Guide to quitting Finasteride in 2018: Wean off or cold turkey? Any suggestion is welcome

Hi guys,

It’s 2018. I searched through the forum and found some contradicting suggestions. One post says to keep calm and keep the body at rest while quitting, another says you have to increase natural testosterone so you should be weight lifting and not fapping.

Also on the case of quitting cold turkey vs. weaning it off, there are some older posts from Okt. 2010 that don’t seem to suggest one way or another:

Also some people recommend drugs like triptorelin injections to increase testosterone. HELP ME NOT CRASH! Just stopped Finasteride 1mg today

And I am sitting here, not wanting to do anything. Not taking any pills, supplements or any other drug. Yet, we have currently 2018 and I hope there is maybe some more experience on what to do and what to avoid. For example I read not to take any anti-estrogen pill, since they make your dick shrink.

Anyway. Please tell me that there is some consensus on WHAT to do, after you decided to quit the drug and on WHAT NOT to do. Some kind of best practices that are a little bit more than just an anecdote of an individual.

FML, I empathise but you’re asking for information we simply don’t - and can’t - have. There isn’t even any anecdotes, let alone “more than just an anecdote of an individual”. You’ll thus be finding contradiction because, if people are suggesting anything you should do regarding this, it is 100% their personal guesswork with no possible basis. Taking into account the absence of any information on predisposition to PFS, if x size sample of men stop the drug and none get PFS, with half “tapering off”, what can we learn? The same as if any number got it. Precisely nothing. There is no way to learn because until you know that that person would get PFS before they stop, what they do around stopping is totally irrelevant because the vast majority of people can stop - and do - and their sides resolve. There is literally no way to deduce anything regarding this until the point where we understand the mechanism of PFS. Even if it is something that puts your mind at ease, finasteride presents significant practical difficulty tapering as @Saro49 has been recently posting regarding.

With the symptoms and situation of PFS, we have thousands of anecdotes that have allowed us to construct a picture of what’s happening that ultimately led to the ongoing major study. It allows us to predict likely reactions to some substances, for instance. From my involvement in the scientific side, I am personally optimistic we are beginning to form a picture of “what”. However, we do not know “why” PFS happens and what the (genetic, epigenetic or both) predisposition to it is. All we know in terms of acquisition is described on the site. We also know due to studies, data from global agencies, membership of our forum, and the vast use of the medication that this problem is extremely rare.

Regarding testosterone, PFS is not hypogonadism. I have hormonal profiles from before and my testosterone doubled in the presence of bottom of the range lutenizing hormone over the months following my crash, over which time I had the onset of ongoing pain and deterioration of androgenic tissues. And regarding triptorelin, considering many of us believe gnrh analogues cause a condition which is the same as “PFS” and are in touch with patient groups about said commonalities, that’s about the daftest thing you could do.

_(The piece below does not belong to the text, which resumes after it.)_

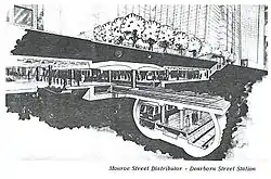 Stations planned for the distributor system were to be located at Harrison/Morgan-UIC, Halsted/Monroe, Clinton/Monroe, Franklin to Michigan (12-foot continuous side platforms with mezzanines at each cross street; 3 station stops were to be made at Wells/Monroe, Clark/Monroe, and Wabash/Monroe), Stetson/Randolph, Grand/Fairbanks, Erie/Fairbanks, Chestnut, Hancock, Rush, and Water Tower. The McCormick branch was to serve the Museums and Soldier Field (today's Museum Campus) and McCormick Place Convention Center.

I know it’s not what you want to hear but this is the stupid situation in 2018 because this garbage is still pushed freely with woefully inadequate understanding or warning from the practitioners responsible, and the disease you’re worried about apparently doesn’t exist, which sadly doesn’t stop my perineum burning and brain frying.

I really wish I could tell you something else but you need to bear in mind there is simply no way anyone can have any information on this considering what I’ve just outlined.